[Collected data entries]

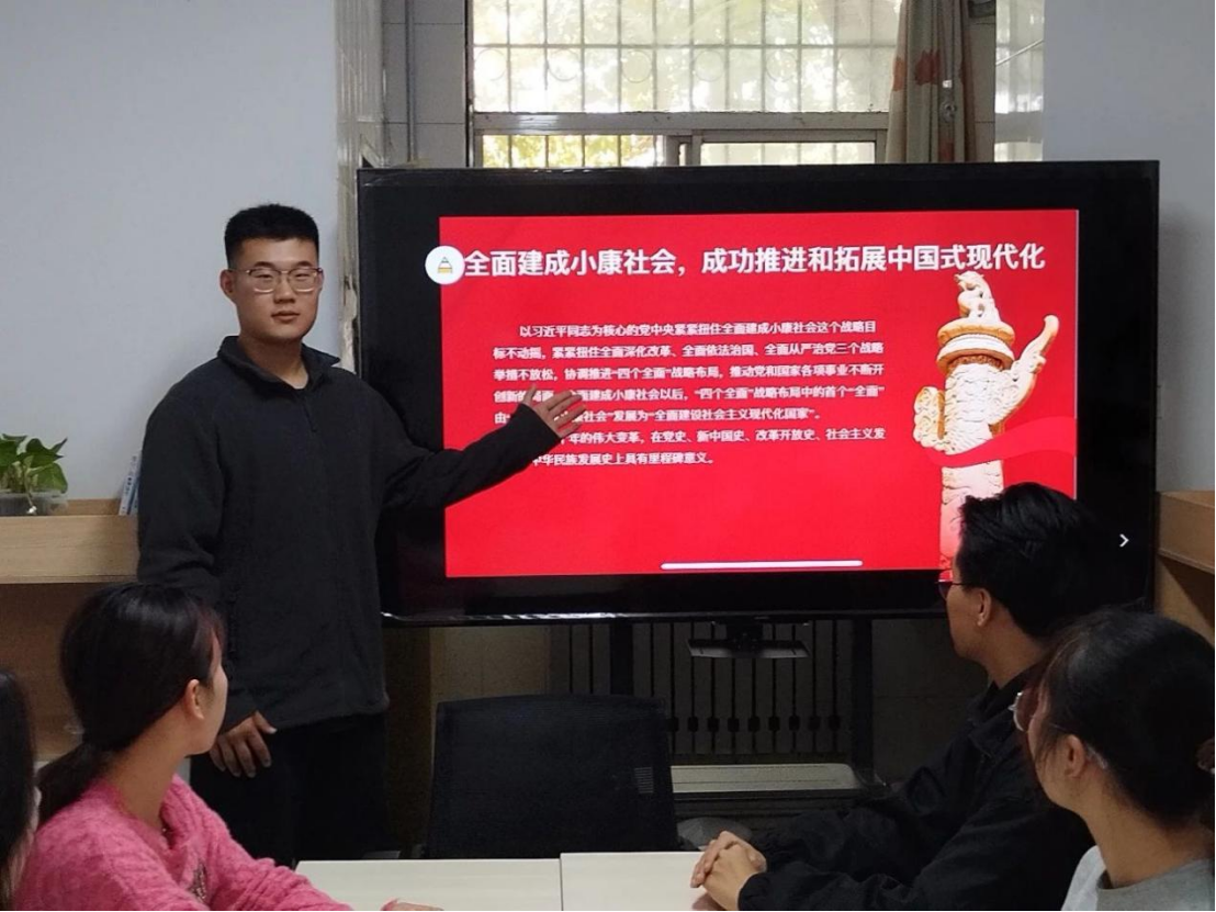 为深入学习和全面贯彻习近平新时代中国特色社会主义思想,深刻理解中国式现代化的历史使命与时代内涵,11月17日,69堂 学生第一党支部于学生公寓2号楼思政工作站开展“笃行不怠十年路,踔厉奋发启新程”新时代十年伟大变革宣讲活动。
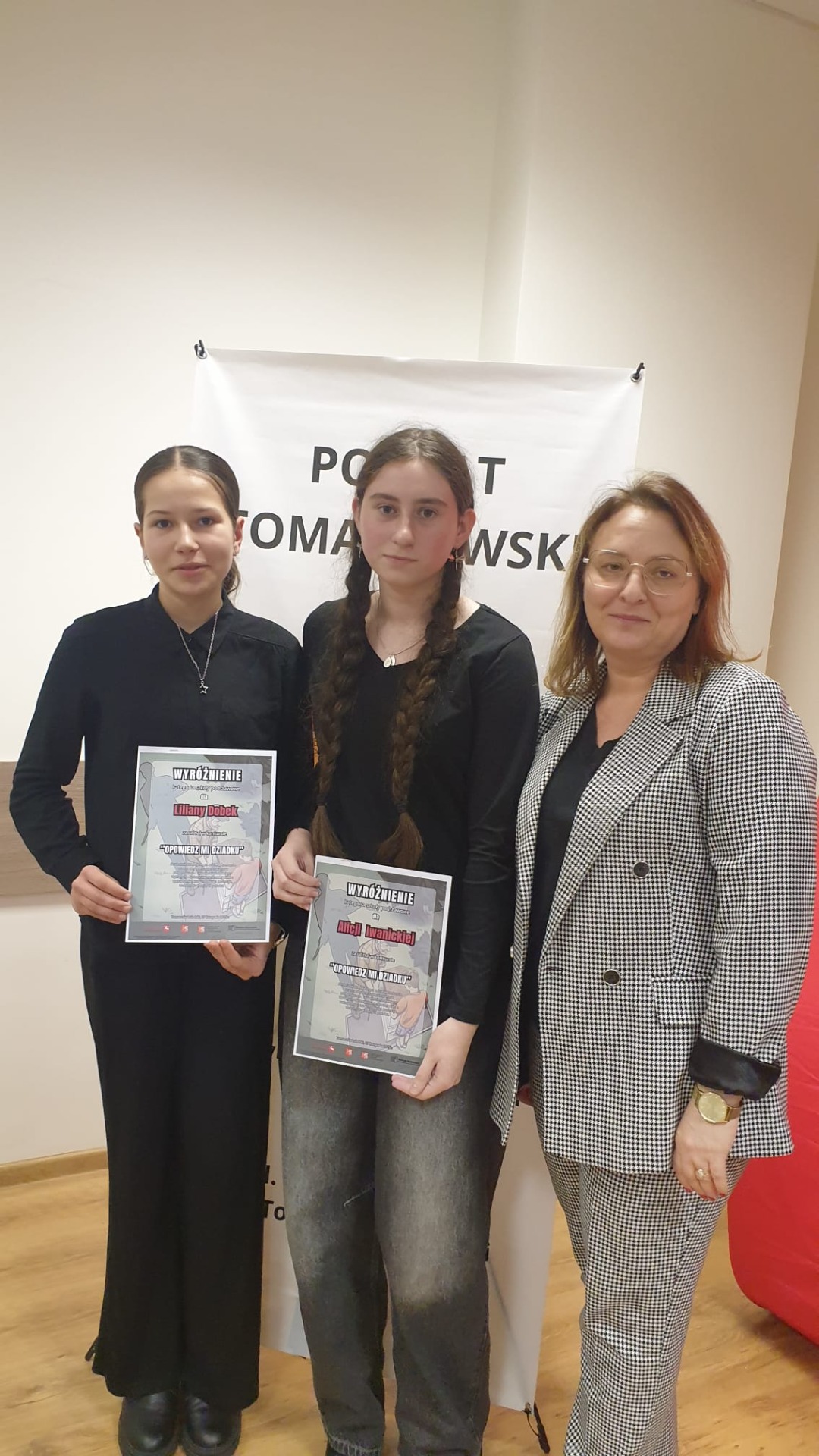 Ogromne gratulacje należą się Alicji Iwanickiej i Lilianie Dobek z klasy VIIa za otrzymane wyróżnienia w konkursie historycznym "Opowiedz mi dziadku" zorganizowanym przez Stowarzyszenie Samorządów Powiatu Tomaszowskiego i Muzeum Regionalne im. dra Janusza Petera w Tomaszowie Lubelskim. Dziewczyny pracowały pod opieką swojej nauczycielki języka polskiego pani Renaty Śrutwy-Krupy. Ala przygotowała pracę na temat człowieka, który miał odwagę dać schronienie Żołnierzom Niezłomnym - pana Edmunda Szczepańskiego z Brzezin. Liliana natomiast zebrała na podstawie rodzinnych przekazów wspomnienia swojego pradziadka Józefa Pitury pseudonim "Piła" należącego do Światowego Związku Żołnierzy Armii Krajowej. Podsumowanie konkursu odbyło się 27 listopada 2025 r,. w Starostwie Powiatowym w Tomaszowie Lubelskim. Dziewczyny włożyły ogrom wysiłku w swoje prace. Gratulujemy👏.
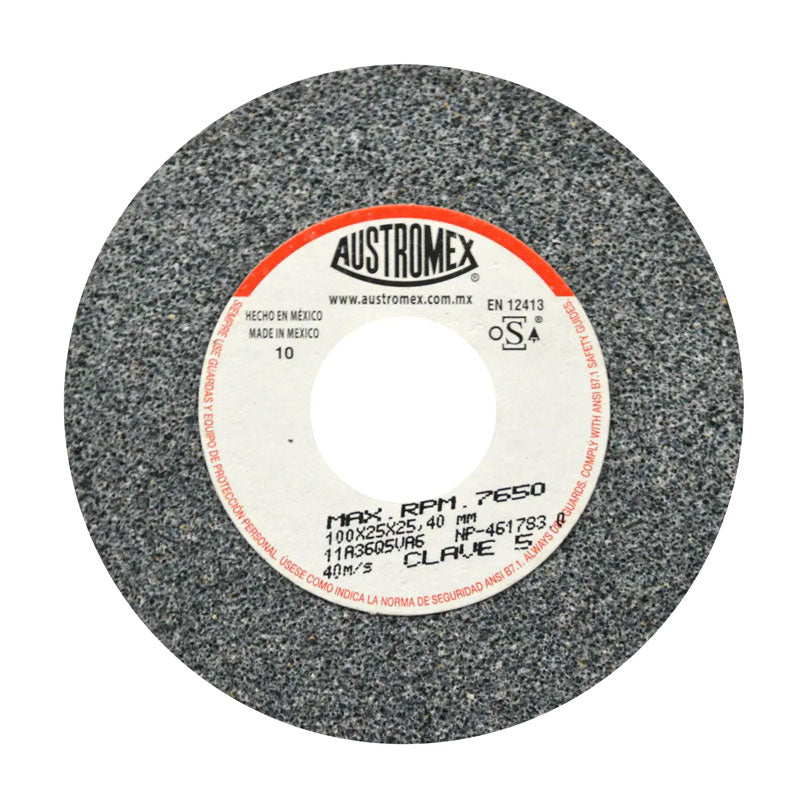 Rueda abrasiva gris de 4" x 1" x 1", para esmerilar, Austromex
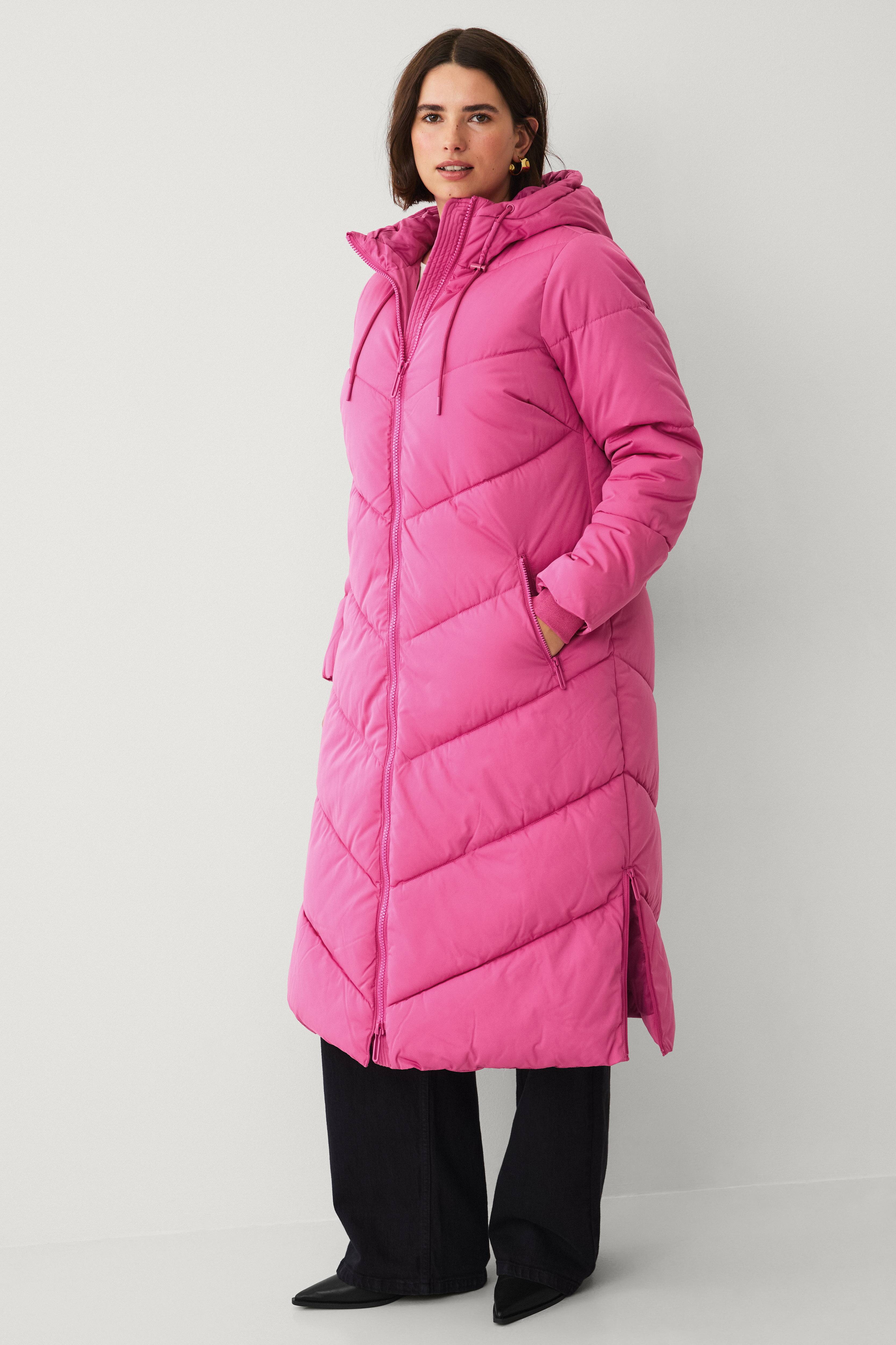 • Lang, quiltet, foret pufferfrakke• Fast hætte med træksnørre• To-vejs lynlås• To lommer med lynlås• En inderlomme med lynlås• Ribmanchetter ved manchetterne• Slidser med lynlåse nede i siderne• Længde: 117 cm i størrelse S
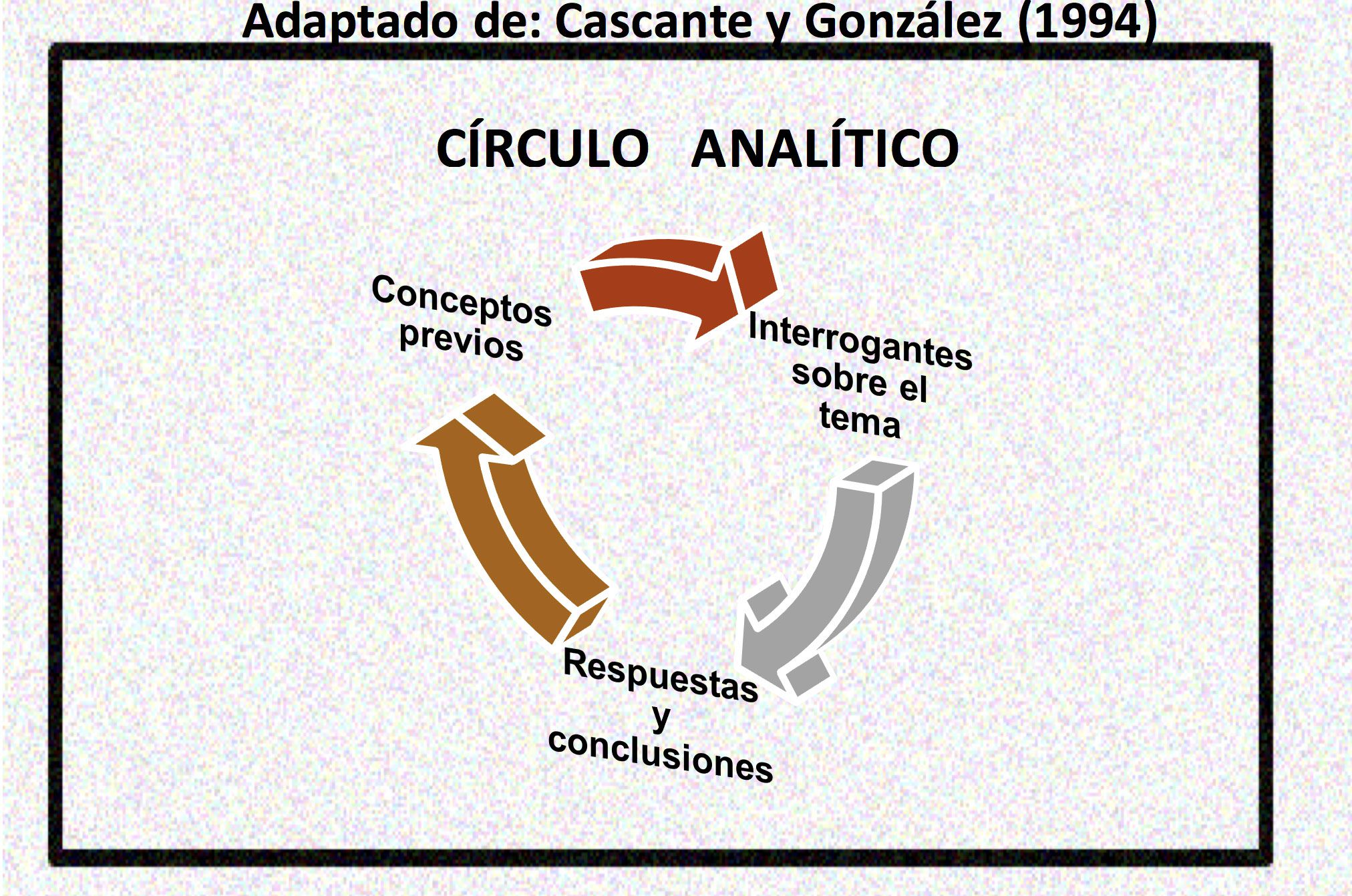 El ejercicio se estructuró desde el círculo analítico (Valenciano, 2015) que, como estrategia didáctica, permite organizar significativamente el aprendizaje a partir de los momentos de: tema por estudiar, preguntas sobre el tema, registro de nueva información y conclusiones o ideas generales (ver figura 1).

Task instructions >> Each record must be repeated exactly, and no picture may be carried over.

Solution for this task >>
 为深入学习和全面贯彻习近平新时代中国特色社会主义思想,深刻理解中国式现代化的历史使命与时代内涵,11月17日,69堂 学生第一党支部于学生公寓2号楼思政工作站开展“笃行不怠十年路,踔厉奋发启新程”新时代十年伟大变革宣讲活动。
 Ogromne gratulacje należą się Alicji Iwanickiej i Lilianie Dobek z klasy VIIa za otrzymane wyróżnienia w konkursie historycznym "Opowiedz mi dziadku" zorganizowanym przez Stowarzyszenie Samorządów Powiatu Tomaszowskiego i Muzeum Regionalne im. dra Janusza Petera w Tomaszowie Lubelskim. Dziewczyny pracowały pod opieką swojej nauczycielki języka polskiego pani Renaty Śrutwy-Krupy. Ala przygotowała pracę na temat człowieka, który miał odwagę dać schronienie Żołnierzom Niezłomnym - pana Edmunda Szczepańskiego z Brzezin. Liliana natomiast zebrała na podstawie rodzinnych przekazów wspomnienia swojego pradziadka Józefa Pitury pseudonim "Piła" należącego do Światowego Związku Żołnierzy Armii Krajowej. Podsumowanie konkursu odbyło się 27 listopada 2025 r,. w Starostwie Powiatowym w Tomaszowie Lubelskim. Dziewczyny włożyły ogrom wysiłku w swoje prace. Gratulujemy👏.
 Rueda abrasiva gris de 4" x 1" x 1", para esmerilar, Austromex
 • Lang, quiltet, foret pufferfrakke• Fast hætte med træksnørre• To-vejs lynlås• To lommer med lynlås• En inderlomme med lynlås• Ribmanchetter ved manchetterne• Slidser med lynlåse nede i siderne• Længde: 117 cm i størrelse S
 El ejercicio se estructuró desde el círculo analítico (Valenciano, 2015) que, como estrategia didáctica, permite organizar significativamente el aprendizaje a partir de los momentos de: tema por estudiar, preguntas sobre el tema, registro de nueva información y conclusiones o ideas generales (ver figura 1).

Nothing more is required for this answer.